• Work task: After locating the line with "The document analyzes" below, output it and each following line exactly, stopping after the line with "Rękopis wypisów z". No pictures.

• Records for this task:
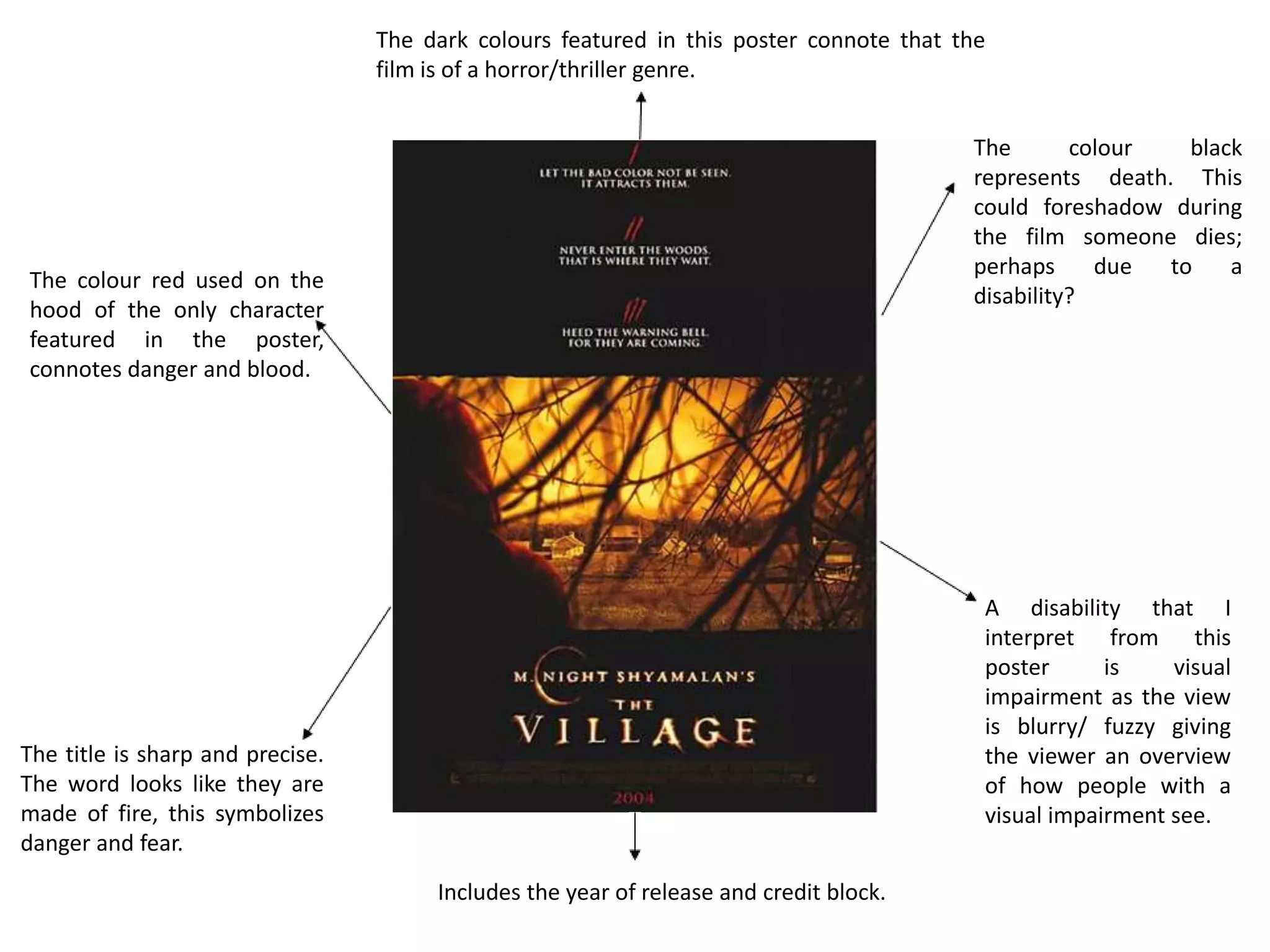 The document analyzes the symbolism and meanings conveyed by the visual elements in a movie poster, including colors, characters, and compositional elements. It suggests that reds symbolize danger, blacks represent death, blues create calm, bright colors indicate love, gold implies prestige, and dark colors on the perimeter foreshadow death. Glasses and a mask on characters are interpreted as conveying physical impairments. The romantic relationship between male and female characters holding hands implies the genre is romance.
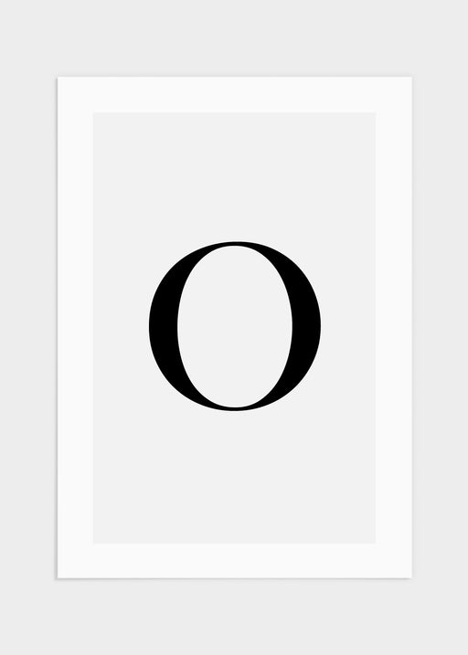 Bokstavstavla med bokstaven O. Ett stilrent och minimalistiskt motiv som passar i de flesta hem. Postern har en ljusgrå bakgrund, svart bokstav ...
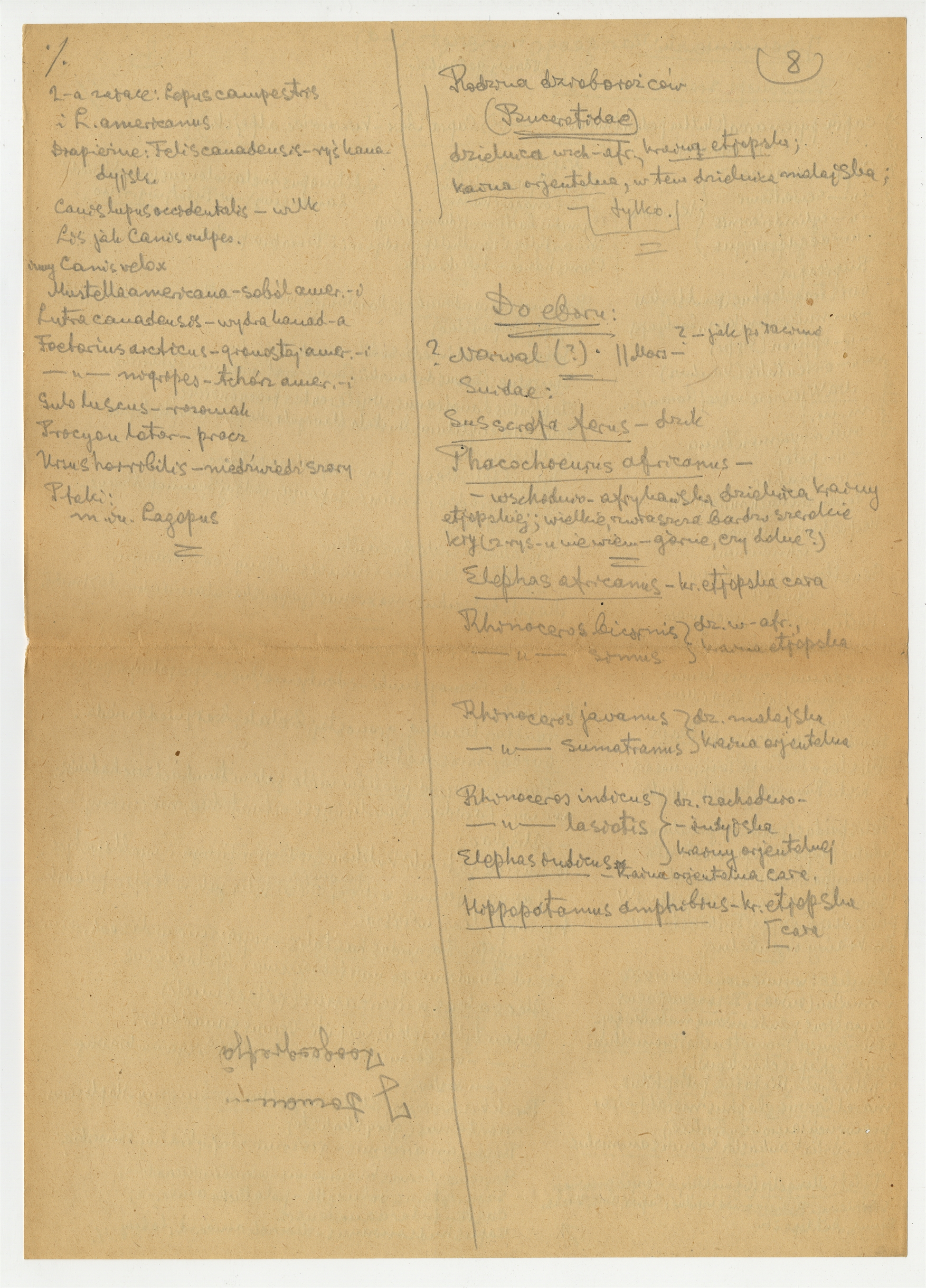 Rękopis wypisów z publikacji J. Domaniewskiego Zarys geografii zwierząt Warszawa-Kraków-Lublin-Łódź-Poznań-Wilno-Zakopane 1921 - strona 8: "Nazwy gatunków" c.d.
* * *
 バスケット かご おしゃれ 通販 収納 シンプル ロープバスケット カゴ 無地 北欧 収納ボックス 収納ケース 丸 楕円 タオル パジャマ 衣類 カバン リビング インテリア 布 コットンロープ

• Written answer:
 The document analyzes the symbolism and meanings conveyed by the visual elements in a movie poster, including colors, characters, and compositional elements. It suggests that reds symbolize danger, blacks represent death, blues create calm, bright colors indicate love, gold implies prestige, and dark colors on the perimeter foreshadow death. Glasses and a mask on characters are interpreted as conveying physical impairments. The romantic relationship between male and female characters holding hands implies the genre is romance.
 Bokstavstavla med bokstaven O. Ett stilrent och minimalistiskt motiv som passar i de flesta hem. Postern har en ljusgrå bakgrund, svart bokstav ...
 Rękopis wypisów z publikacji J. Domaniewskiego Zarys geografii zwierząt Warszawa-Kraków-Lublin-Łódź-Poznań-Wilno-Zakopane 1921 - strona 8: "Nazwy gatunków" c.d.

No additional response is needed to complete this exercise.